LINDA GRADSTEIN: Some 200 new immigrants to Israel this week attended a ceremony where they received their Israeli citizenship less than 24 hours after arriving in the country.  For many, it’s an emotional moment that they’ve been anticipating for years.  But instead of being handed  their blue I.D. cards at the most resonant site in all of Judaism, they’re in the courtyard of the Jewish Agency Building in Downtown Jerusalem. Jewish Agency spokesman, Michael Jankelovits, says it’s not what the immigration agency had wanted.

MICHAEL JANKELOVITS: It is a symbol with which Jews from all over the world can identify with, and it’s emotional the day after you land in Israel that you are given your identity card at the Western Wall.

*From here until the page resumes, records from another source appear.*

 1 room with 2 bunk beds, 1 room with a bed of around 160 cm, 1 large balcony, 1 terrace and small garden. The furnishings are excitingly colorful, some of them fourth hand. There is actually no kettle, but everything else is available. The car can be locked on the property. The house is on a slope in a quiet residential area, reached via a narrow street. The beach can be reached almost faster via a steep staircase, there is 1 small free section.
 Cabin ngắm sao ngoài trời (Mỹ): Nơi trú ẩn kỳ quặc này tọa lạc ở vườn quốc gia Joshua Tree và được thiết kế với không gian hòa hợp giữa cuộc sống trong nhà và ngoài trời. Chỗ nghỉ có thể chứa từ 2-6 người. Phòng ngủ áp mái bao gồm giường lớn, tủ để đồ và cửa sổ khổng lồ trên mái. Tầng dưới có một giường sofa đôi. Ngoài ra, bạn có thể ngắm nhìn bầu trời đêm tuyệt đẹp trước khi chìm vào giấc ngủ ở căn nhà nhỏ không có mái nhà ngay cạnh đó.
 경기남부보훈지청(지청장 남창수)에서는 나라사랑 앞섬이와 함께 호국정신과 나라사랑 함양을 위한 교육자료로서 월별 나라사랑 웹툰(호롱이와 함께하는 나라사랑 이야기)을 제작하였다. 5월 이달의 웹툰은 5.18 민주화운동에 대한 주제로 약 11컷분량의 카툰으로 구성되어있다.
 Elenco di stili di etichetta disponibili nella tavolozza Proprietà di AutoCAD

GRADSTEIN: But he says the Jewish Agency, a secular body, will not agree to have men and women separated as the rabbis at the wall had demanded.  Thursday is Bar Mitzvah Day at the Wall.  At the security check point hundreds of Israelis are trying to push their way through. There are separate entrances for men and women.  At the Wall itself, a high barrier separates the sexes. Women climb on white plastic chairs to see over into the men’s side.  More than a dozen Bar Mitzvahs are being held simultaneously.  The women throw candy at the male worshipers. On the large white stone plaza a few hundred feet from the wall, there’s no separation between men and women and tourists and Israeli.  It was here that the Jewish Agency used to hold the ceremony.  Rabbi Shmuel Rabinowitz, the rabbi in charge of the site for the past 14 years, says the reason he has now turned the Agency down has nothing to do with gender separation.

RABBI RABINOWITZ: [Interpreted]  The Western Wall is not a banquet hall.  A Jew comes here to pray, to look at the stones, to think about archaeology.  He doesn’t want to hear microphones and applause.

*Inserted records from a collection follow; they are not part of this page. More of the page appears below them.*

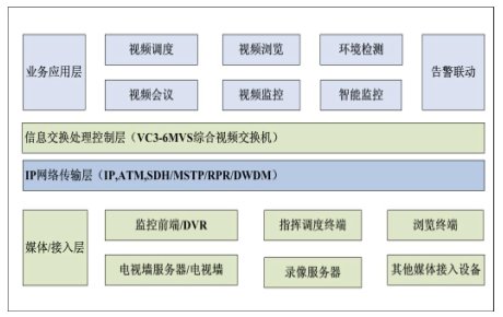 在系統(tǒng)功能模塊中,各模塊均依賴于VC3-6000綜合管理控制平臺,即相對獨立,又可有機結合。這些功能模塊通過專用應用軟件和計算機硬件平臺的結合,實現(xiàn)其各種功能。其中綜合管理控制平臺和指揮調度主模塊是系統(tǒng)的基礎,可以實現(xiàn)系統(tǒng)的指揮調度、視頻會議、視頻監(jiān)控主要功能。圖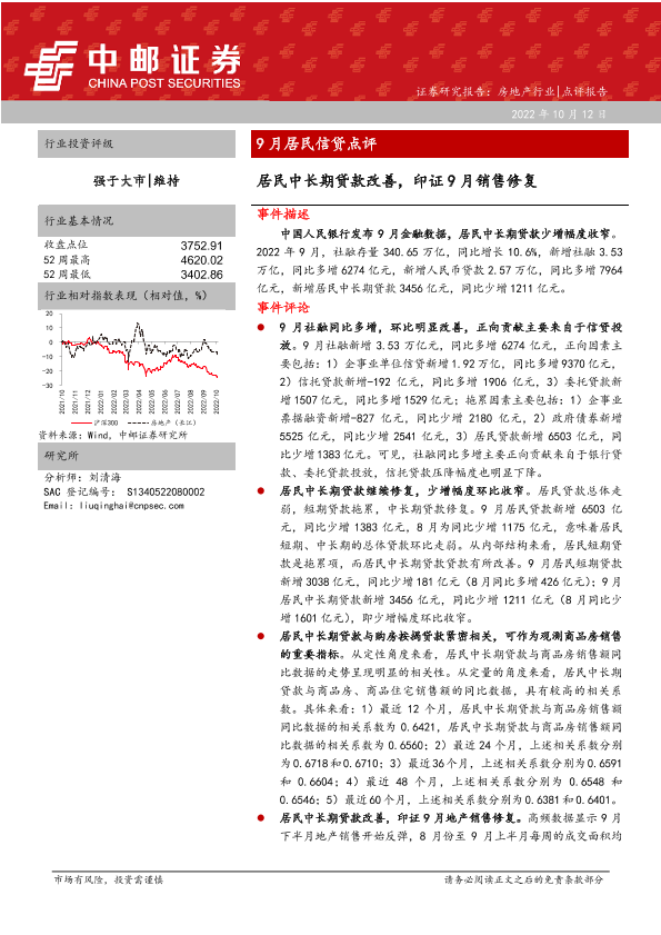 【中邮证券】【20221012】房地产行业9月居民信贷点评:居民中长期贷款改善,印证9月销售修复-11页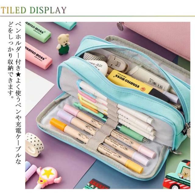 | 【商品名】ペンケース 【サイズ】サイズ表 【素材】ポリエステル 【特徴】驚異の収納力が魅力!大きく開くことができるので、中身がよく見え、ペンの選びや出し入れがとてもやすいです。お気に入りの文房具をたっぷり詰め込めこんで、楽しく勉強しよう!ペンケースだけでなく、お化粧ポーチとしても使えちゃう!スマホのアクセサリーなども収納可能! | |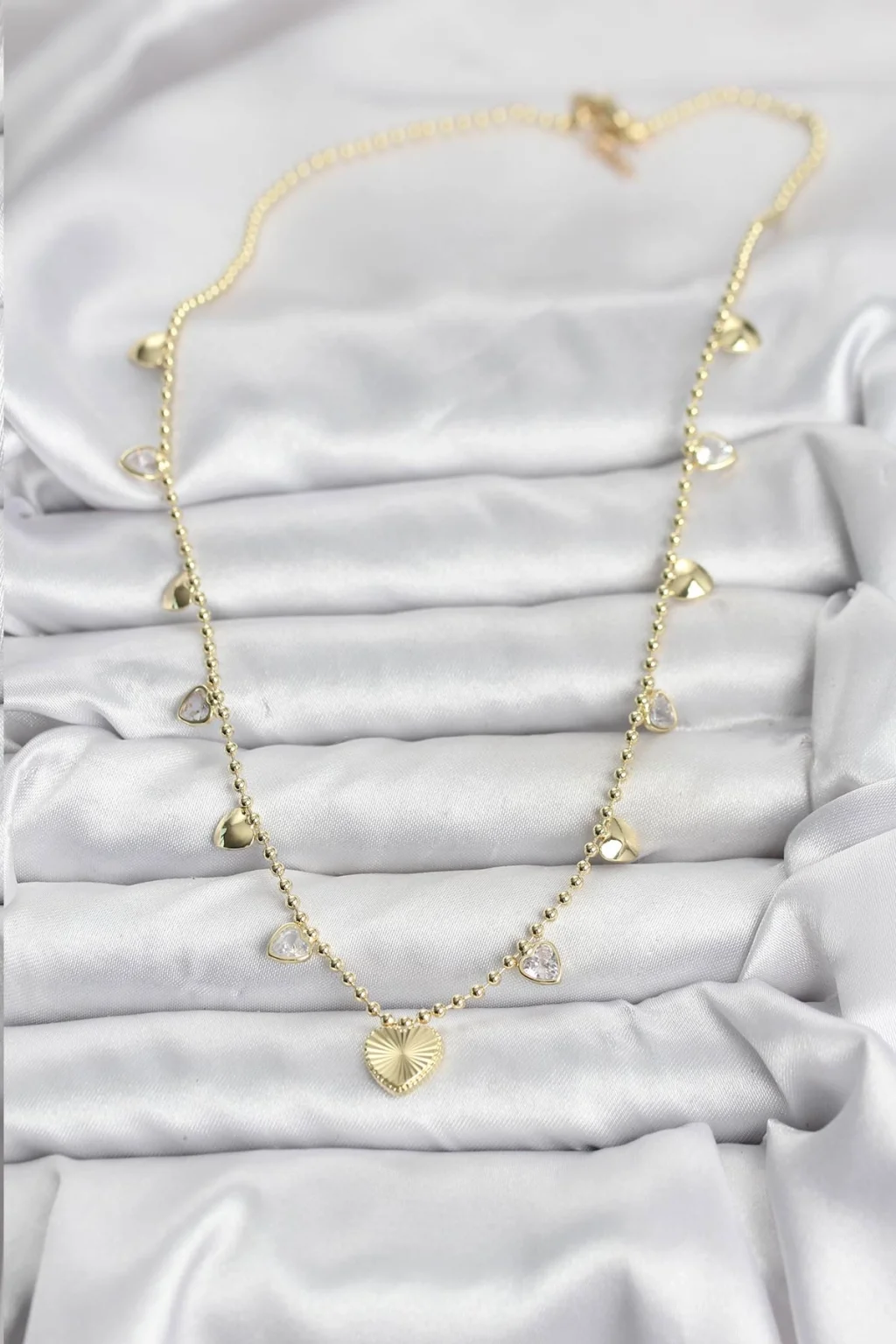 Pirinç Gold Renk Kalp Model Kadın Kolye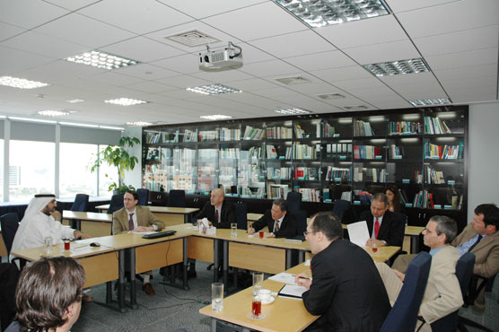 A group of seven professors and administrators from INSEAD, one of the world’s largest graduate business schools visited GRC. The GRC Chairman briefed the visitors on the work of GRC and the business education and research landscape in the Gulf region was discussed together with relevant economic issues. Future cooperation between GRC and INSEAD in the area of business-related research and education was also addressed.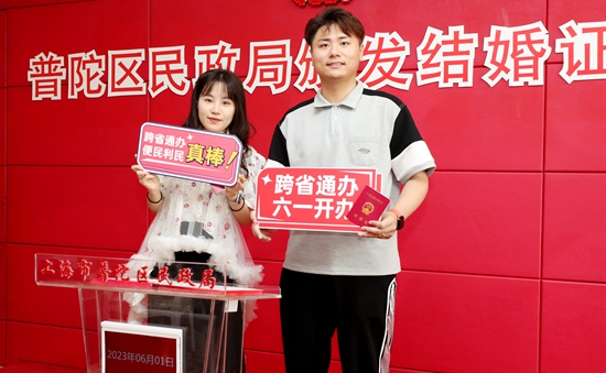 6月1日,来自陕西的刘先生和姚女士在上海市普陀区婚姻收养登记中心完成婚姻登记“跨省通办”。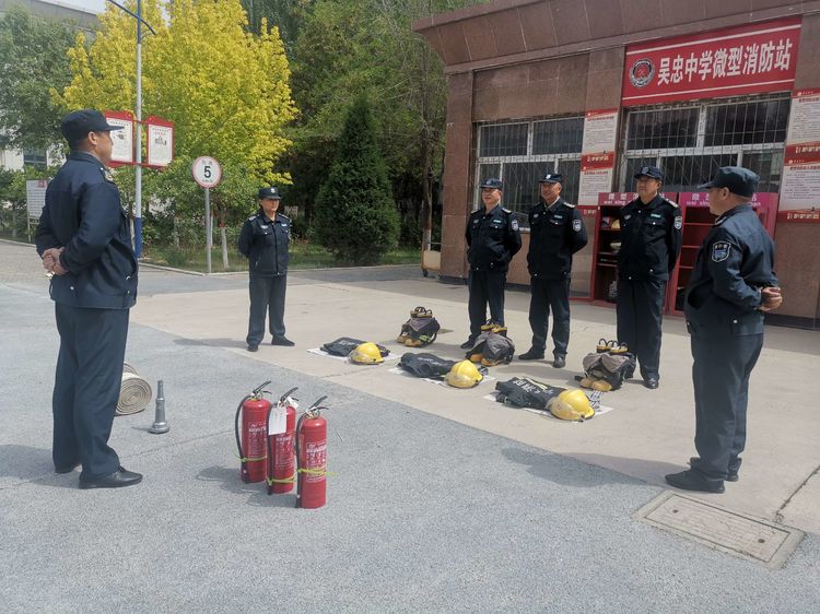 学校保卫科微型消防站也利用5.12防震减灾演练活动日展开消防灭火培训及消防演练。微型消防站站长李明给各位队员强调灭火要站在上风处,对准火焰根部进行扫射,如何展开、回收消火栓消防水带等,进一步提升微型消防站的灭火技能。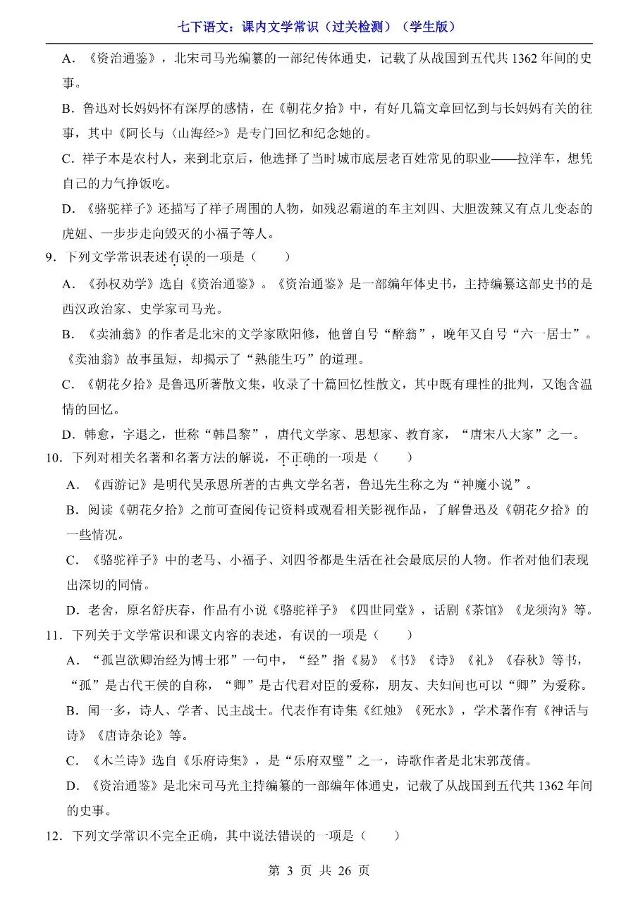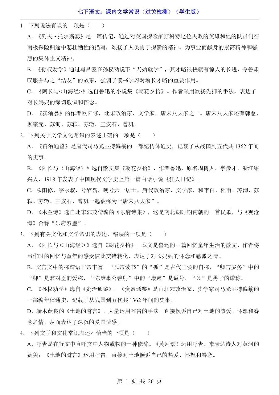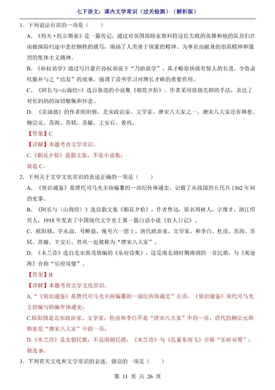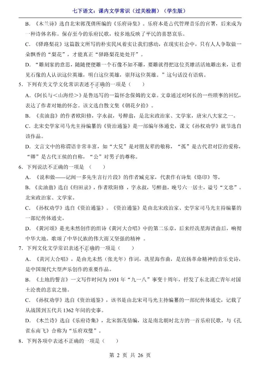 七年级下册语文|课内文学常识过关检测(可下载打印) 初中资料每日更新,具体看完整PDF版本 (温馨提示:文末👇有电子版下载🔗) 新版七年级(初一)下册语文 课内文学常识过关检测 △因篇幅有限,只展示部分资料截图△ ↓↓↓ 领取完整电子版: ①:点一点右下角的“👍”和“❤️”,感谢🙏 ②:在公众号对话框回复:1061 资料合集:👇👇 七年级下册数学 七年级下册英语

GRADSTEIN: Rabbi Rabinowitz says the Jewish Agency is welcome to bring the new immigrants to a prayer ceremony at the Wall as long as they obey the Orthodox rules and men and women pray separately.  But his demands have caused tension in a country where resentment of the Orthodox’s power has been growing.  Rabbi Gilad Kariv, the Executive Director of the Israeli movement for Progressive Judaism, says its time for the secular majority to take back the Wall.

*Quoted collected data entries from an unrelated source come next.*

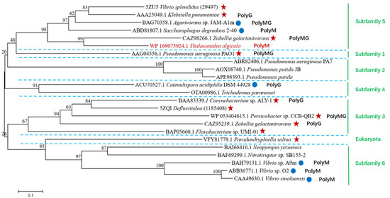 Phylogenetic analysis of TAPL7A with other alginate lyases of PL7 family. Subfamilies are separated by blue dotted lines according to the CAZy database. Enzymes for structure-solved are indicated by red five-pointed stars. Characterized enzymes are indicated by blue circles. PloyMG, PolyM, and PolyG represent the specific substrates of each enzyme, respectively. The red font is TAPL7A. The green vertical lines and fonts on the right represent the various subfamilies and PsAlg7A of eukaryotic origin.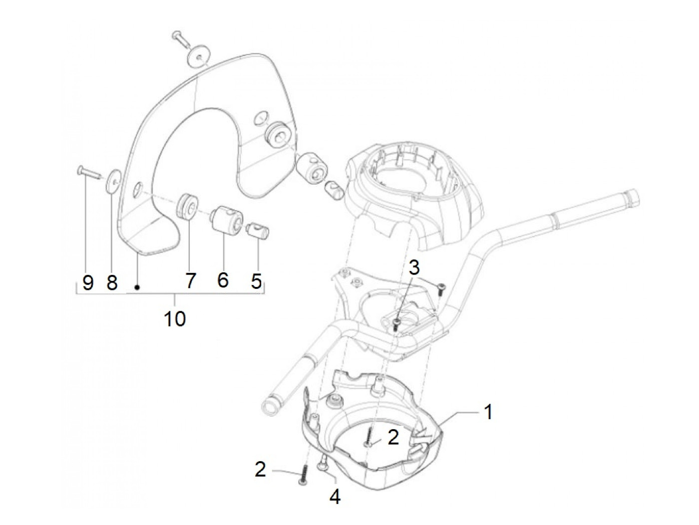 Braket untuk kaca depan, hitam -PIAGGIO- Vespa GTS Super 300 (ZAPM45200), Vespa GTV 300 (ZAPMA3302), Vespa GTV HPE 300 (ZAPMA3602, ZAPMA362, ZAPMD3102), Vespa LXV 125 (ZAPM68102), Vespa LXV 50 (ZAPC38102, ZAPC38902), Piaggio Liberty 125 (ZAPM38900,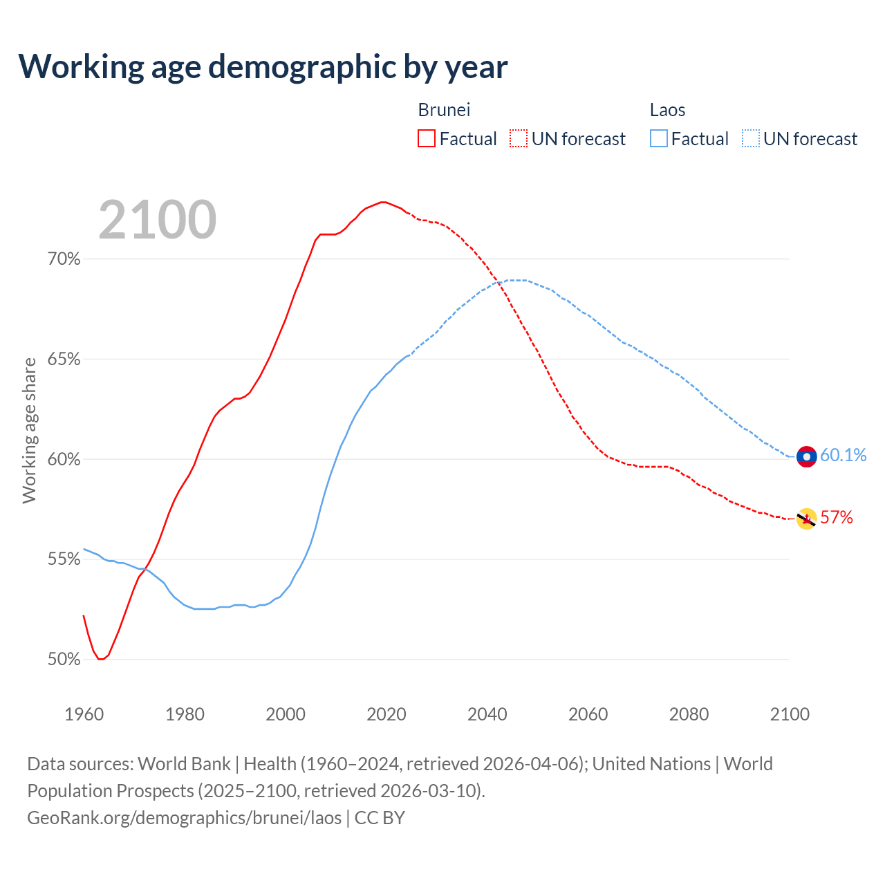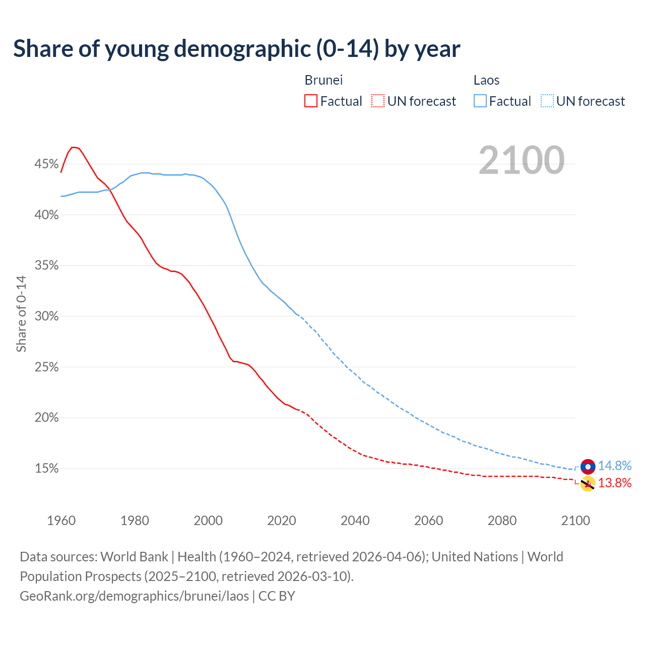 - As of 2026, the population of Brunei is 471K vs 8M in Laos - 17 times difference.

RABBI GILAD KARIV: We are speaking about who is shaping the spiritual and national narrative of the State of Israel and the Jewish people, and we are talking about our ability to shape a pluralistic society.

GRADSTEIN: The new immigrants, just one day in Israel, have already become part of this debate. The Jewish Agency says they’re working with the rabbis to find a site for their ceremonies where they can at least see the Western Wall.  For the World, I’m Linda Gradstein in Jerusalem.